For Delbeke, the key was to seize the moment. “We have this trust that is now expressed in relation to the public and private sectors,” he said.

He argued that this needed to be developed, while continuing to recognize that greenwashing could generate backlash. “I think there is a lot at stake here: companies aiming for zero sales can… demonstrate very convincingly that they are going to go to zero,” he said.

Referring to European Union emissions trading systemDelbeke said that “monitoring and compliance was extremely important in building … trust in the system.”

“It’s good to have the concept of setting a price on carbon, but… is it done reliably?” that’s what the general public is asking about.”

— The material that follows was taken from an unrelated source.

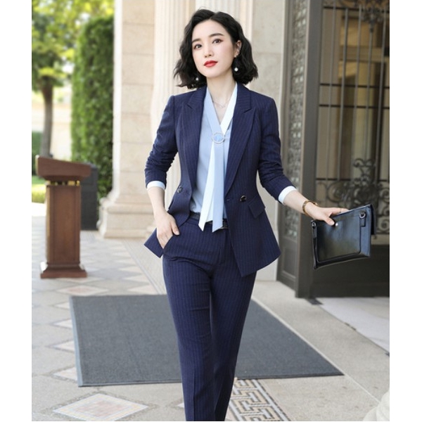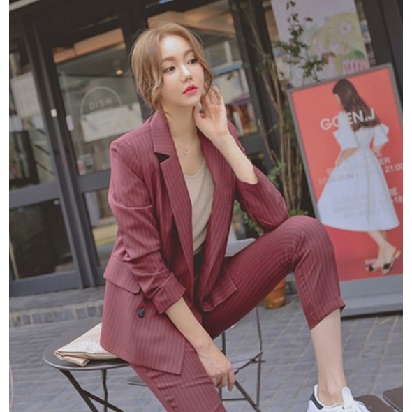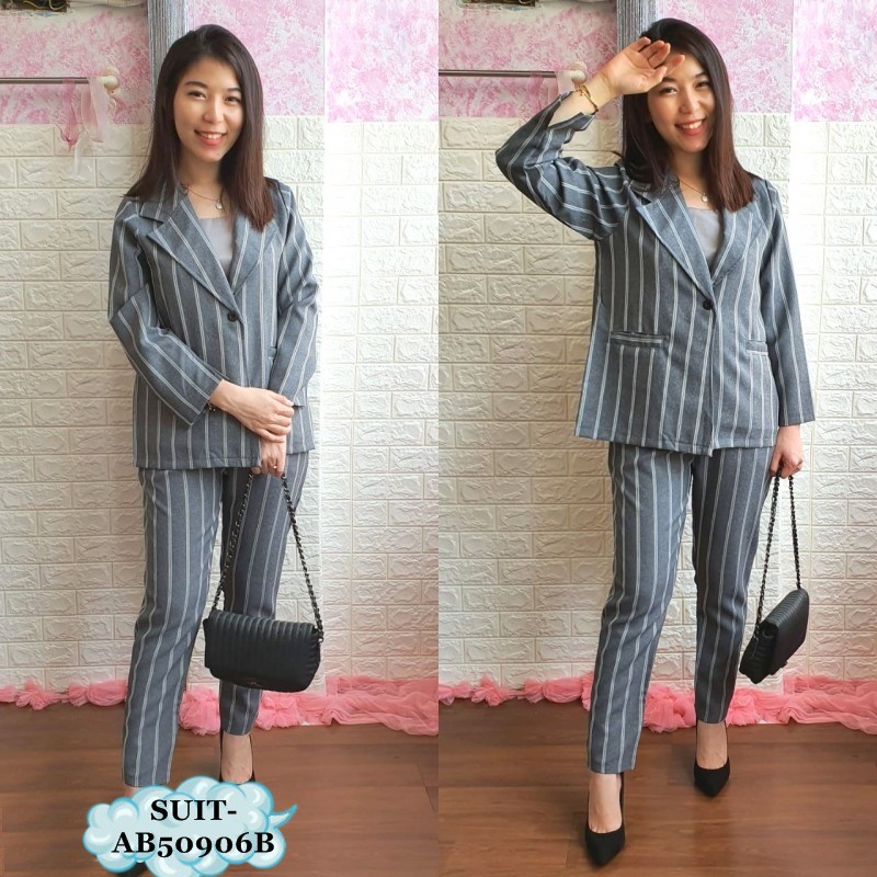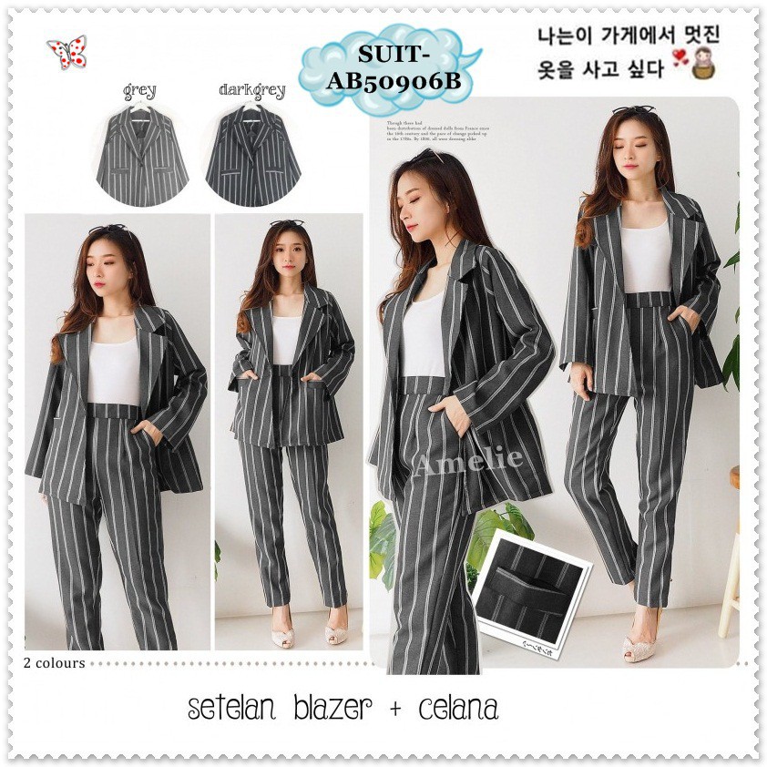 Ol Setelan Blazer Wanita Lengan Panjang Motif Garis Celana Panjang Gaya Korea Untuk Kerja Shopee Indonesia

During the discussion, Sancroft International’s Kuszewski emphasized that while there are uniform standards for evaluating the performance of companies, they are not consistently applied.

“There really is no need for new standards,” she said. “There needs to be consistent application of the standards that we already have, whether they relate to sustainability reporting and indicators – by far the most used of these is the Global Reporting Initiative, which is used by 10,000 companies every year.”

As Kuszewski explained, the GRI includes the GHG Protocol, which in turn defines Scope 1, 2 and 3 emissions. These refer to direct greenhouse gas emissions; GHGs associated with electricity generation purchased and used by the firm; and all other “indirect” greenhouse gases.

“There is a good consensus around the world about what should be… structures and measurement protocols,” Kuszewski said. “It’s about application.”